Work instruction: When you copy the material below, keep every line exact and leave each picture out.
------ Data below ------
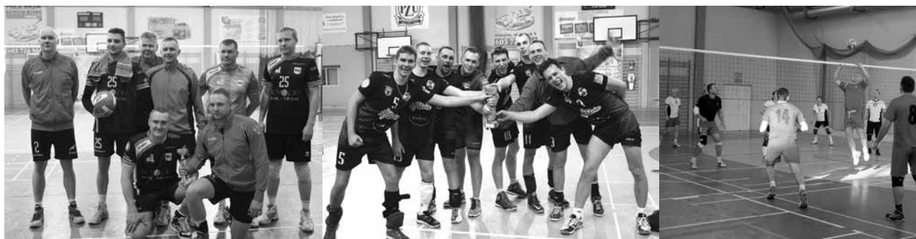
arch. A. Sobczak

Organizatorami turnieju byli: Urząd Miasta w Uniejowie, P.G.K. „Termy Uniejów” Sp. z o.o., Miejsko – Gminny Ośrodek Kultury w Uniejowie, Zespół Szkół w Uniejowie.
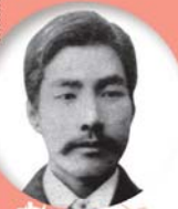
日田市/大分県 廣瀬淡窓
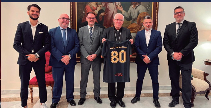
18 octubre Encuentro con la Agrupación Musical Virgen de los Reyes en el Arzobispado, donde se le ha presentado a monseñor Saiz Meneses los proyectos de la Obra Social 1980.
------
Task solution:
arch. A. Sobczak

Organizatorami turnieju byli: Urząd Miasta w Uniejowie, P.G.K. „Termy Uniejów” Sp. z o.o., Miejsko – Gminny Ośrodek Kultury w Uniejowie, Zespół Szkół w Uniejowie.
日田市/大分県 廣瀬淡窓
18 octubre Encuentro con la Agrupación Musical Virgen de los Reyes en el Arzobispado, donde se le ha presentado a monseñor Saiz Meneses los proyectos de la Obra Social 1980.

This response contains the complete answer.